Cмех и гогот заполняли женский туалет. Влажный волосы цеплялись к лицу, и от слез набухали глаза. Все это превращалась в ужасную какофонию, от которой она сходила с ума. Все началось чуть раньше.

Первые пары закончились и началась длинная перемена, на которой девушки пошли по своим делам, но брезгливые взгляды никак не покидали Машу. Она ходила в старой одежде, которая местами обвисала, у неё были потрескавшиеся губы, сонный вид, и она шла в столовую не желая привлекать внимание. Дома почти наверняка не было еды, и по возвращение пришлось бы давиться хлебом, папа постоянно забывал оставлять деньги на еду, и не редко ходил в магазин. Дни, когда папа приносил пакет с едой были для неё счастливыми.

В эти дни Маша постоянно вспоминала маму и грустила, та умерла несколько лет назад, оставив дочку с непутевым отцом. Маша его любила, ведь у непутевого отца было доброе сердце, если бы папа меньше пил, она была уверена, он бы не забывал ходить в магазин или, хотя бы, оставлять ей деньги. Дело в том, что у папы было много проблем, и у него никак не получалось разобраться со своей машиной, она вечно ломалась, и он никак не мог оставить эту проклятую жестянку в покое. У папы никак не получалось найти достойную работу, так говорил папа, Маша любила и ценила папу таким, какой он есть. Когда папа напивался, он вечно кричал на всю кухню, что ему не везет с машиной, извинялся за то, что не мог смог дать Маше достаточной забыты, и постоянно повторял одно и тоже, как попугай. В такие моменты чтобы Маша ему не говорила, папа не слушал, точнее слушал и кивал, но сознание его было уже где-то далеко, и он продолжал повторять, «Прости, Маша, прости. Я такой плохой отец». Со временем Маша привыкла и молча кивала, наверное, это было жестоко, – думала она, но у неё не получалось переубедить папу.

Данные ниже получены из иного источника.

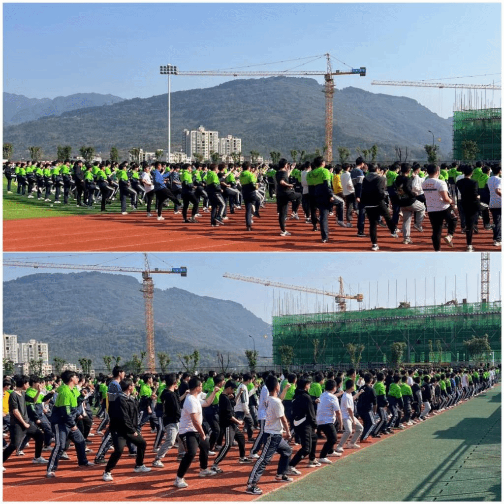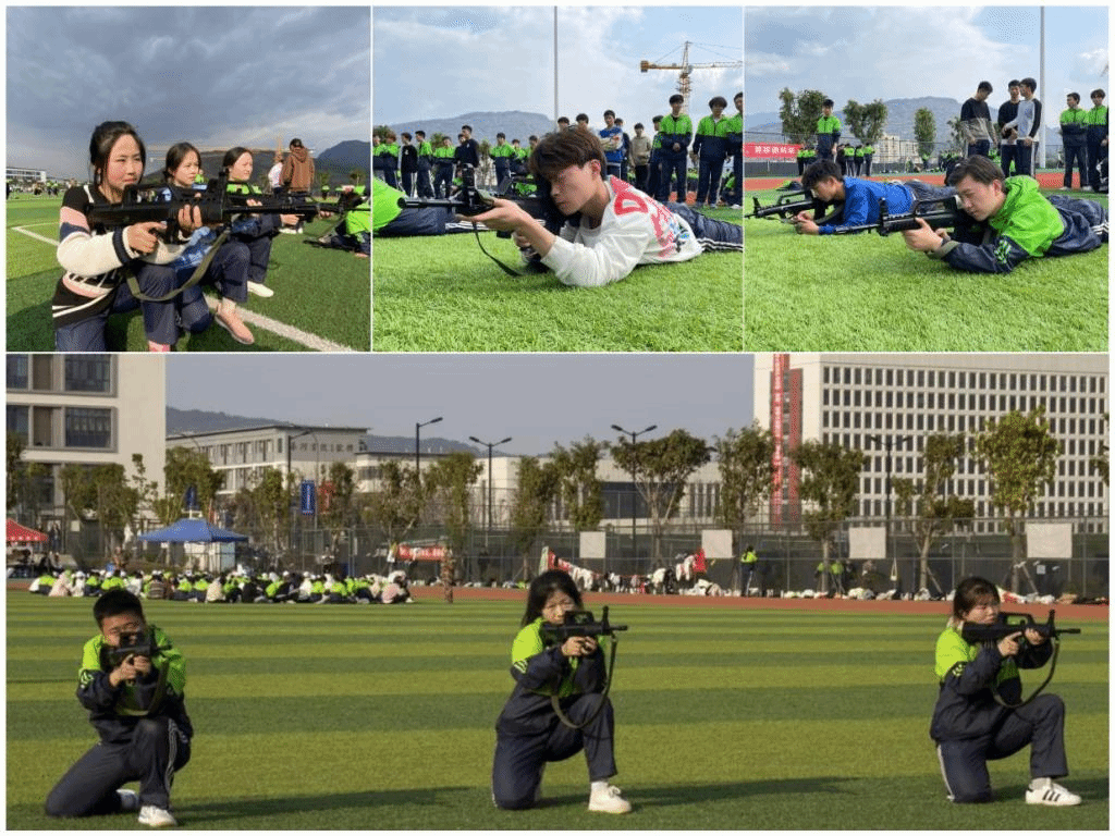 大数据与计算机科学学院 王银娟老师:率先步入眼帘的是擒敌拳方阵,同学们双目紧盯前方,双手打开成格斗姿势,随着教官的一声令下,同学们齐声呐喊到:“打!”贝联珠贯的步伐和干净利落的拳法让整个队伍看起来十分震撼;在主席台的正中间,女生们整齐的端坐在操场上,跟随着音乐的律动一步一步的学习手语操,给操场增加了几分“柔情”;再向右边望去,学习军体拳的同学们动作一气呵成,出拳速度风驰电掣,每一动的“杀”声整齐划一,让人肃然起敬;跑道上点缀着的是正在热身的特种训练队伍,在每次开训前,他们都要进行热身运动,通过八公里的跑步,为接下来的持枪战术动作做好身体防护。军训第七天,平日缺乏锻炼、轻松肆意的学生们大部分都难以承受增量的强度训练,不少同学因为身体不适中途暂停训练,前往学院大本营稍做休息,但更多的是坚持带病上“阵”的同学、教官和指导员,是始终奔赴在操场上的每一个角落的身影。愿同学们在之后的军训中能够逐渐适应训练强度,只有坚持才会战胜一切,战胜自己!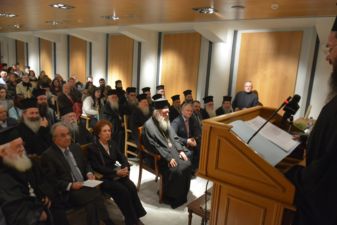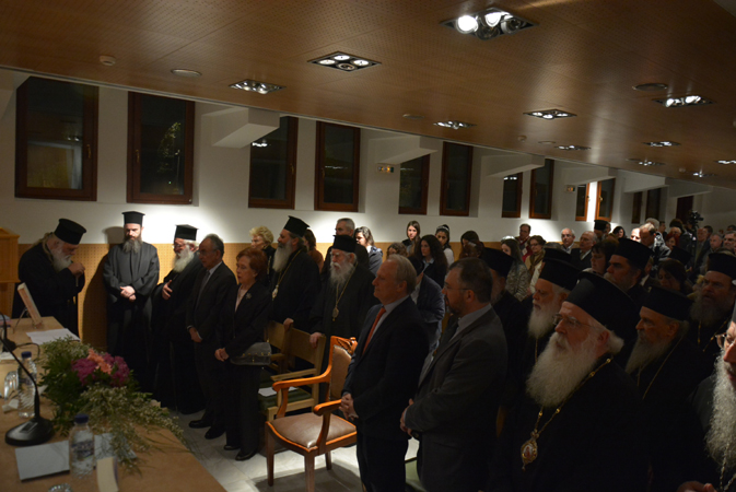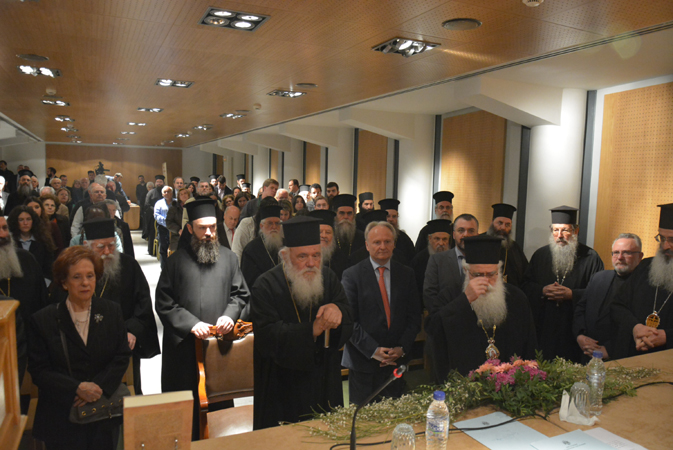 Παρέστησαν: ο Μακαριώτατος Αρχιεπίσκοπος Αθηνών και πάσης Ελλάδος κ. Ιερώνυμος. Οι Σεβασμιώτατοι Μητροπολίτες, Ηλείας κ. Γερμανός, Μυτιλήνης, Ερεσσού και Πλωμαρίου κ. Ιάκωβος, Λαρίσης και Τυρνάβου κ. Ιγνάτιος, Δρυϊνουπόλεως, Πωγωνιανής και Κονίτσης κ. Ανδρέας, Δημητριάδος και Αλμυρού κ. Ιγνάτιος, Φλωρίνης, Πρεσπών και Εορδαίας κ. Θεόκλητος, Θηβών και Λεβαδείας κ. Γεώργιος, Άρτης κ. Καλλίνικος, Ιλίου, Αχαρνών και Πετρουπόλεως κ. Αθηναγόρας, Λαγκαδά, Λητής και Ρεντίνης κ. Ιωάννης, Ιερισσού, Αγίου Όρους και Αρδαμερίου κ. Θεόκλητος, Κεφαλληνίας κ. Δημήτριος. Οι Πανιερώτατοι Μητροπολίτες, Θερμοπυλών κ. Ιωάννης και Βελεστίνου κ. Δαμασκηνός και ο Θεοφιλέστατος Επίσκοπος Μεθώνης κ. Κλήμης, Αρχιγραμματεύς της Ιεράς Συνόδου της Εκκλησίας της Ελλάδος, καθώς καί ακαδημαϊκοί, κληρικοί και λαϊκοί.

По ночам сердце Маши заполняла грусть и одиночество, и она сидела в обнимку с подушкой, смотрел сериал в интернете, про любовь, про то, как хорошо люди жили, и ей было немного лучше.

По выходным Маша подрабатывала, мыла полы в ночном магазине возле дома, и там же, выходя после смены на улицу, иногда качалась на качели во дворе, не отрывая взгляда от бесконечного свободного неба, и она завидовала его свободе.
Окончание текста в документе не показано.